They explicitly did not quantize the KV cache to FP8 in v1 — long-context nightly jobs still use BF16 cache blocks. INT4 remains in use for a separate 8B edge summarizer where extreme compression matters more than numeric fidelity.
Technique decision table
| Your situation | Prefer | Avoid |
|---|---|---|
| H100/H200 fleet, latency-sensitive chat API | Dynamic W/A FP8 with BF16 KV cache | Staying on BF16 without measuring tensor core utilization |
| First FP8 experiment on production model | Weight-only FP8 + dynamic scales + task evals | Jumping straight to FP8 KV and INT4 weights combined |
| Math, SQL, or finance-heavy workloads | FP8 with conservative scaling + golden-set gates | INT4 without per-domain calibration |
| Single 24 GB GPU, must run 70B | INT4/AWQ or smaller model | FP8 (insufficient memory reduction) |
| A100 or older GPUs | BF16 + INT8/INT4 where supported | FP8 paths with emulation fallback |
| Multi-tenant API with mixed prompt lengths | Dynamic scaling + per-tenant outlier monitoring | Static scales from a single calibration domain |
Common pitfalls
- Assuming FP8 is interchangeable with INT4. Different hardware paths, different failure modes; FP8 needs Hopper+ for real wins.
- Static scales from unrepresentative calibration.
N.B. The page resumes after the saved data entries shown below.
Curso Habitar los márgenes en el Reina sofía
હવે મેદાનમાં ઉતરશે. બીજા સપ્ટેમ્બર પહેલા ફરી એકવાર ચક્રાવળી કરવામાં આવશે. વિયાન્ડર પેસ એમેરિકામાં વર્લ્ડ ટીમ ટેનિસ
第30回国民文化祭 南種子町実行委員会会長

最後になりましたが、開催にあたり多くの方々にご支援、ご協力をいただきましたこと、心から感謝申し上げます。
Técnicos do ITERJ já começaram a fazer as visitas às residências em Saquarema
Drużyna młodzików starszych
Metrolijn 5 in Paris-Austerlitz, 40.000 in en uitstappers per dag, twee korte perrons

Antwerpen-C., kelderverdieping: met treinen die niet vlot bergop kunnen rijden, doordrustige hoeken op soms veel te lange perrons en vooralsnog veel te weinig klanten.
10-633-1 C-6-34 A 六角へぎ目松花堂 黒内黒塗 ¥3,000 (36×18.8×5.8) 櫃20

Code-heavy production traffic needs code in the calibration set or dynamic scaling.
- Ignoring softmax and LayerNorm precision. Forcing full FP8 through every op increases drift; keep sensitive ops in BF16 inside fusions.
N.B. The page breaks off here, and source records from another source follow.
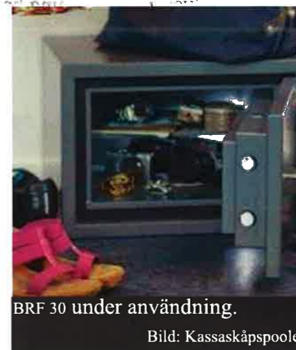
BRF 30 under användning.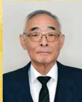
瑞宝双光章 (警察功勞)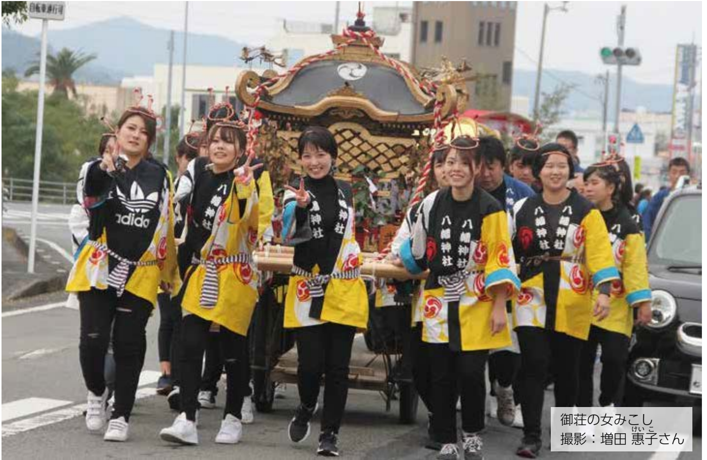
御荘の女みこし

- FP8 KV cache without long-context eval. Needle tests and multi-hour chats catch drift perplexity misses.
- Mixed-precision speculative decoding. Align draft/target dtypes or validate acceptance rates drop.
- Skipping task-specific evals. Aggregate MMLU can hide 5% JSON tool breakage.
- No scale telemetry. Clipping shows up in scales before users report quality issues.
Production checklist
- Confirm GPU generation supports native FP8 tensor cores (Hopper or newer).
- Choose E4M3 for weights; document activation format per layer.
- Implement dynamic per-tensor scaling with static calibration bounds.
- Start with weight-only FP8; promote to W/A after eval gates pass.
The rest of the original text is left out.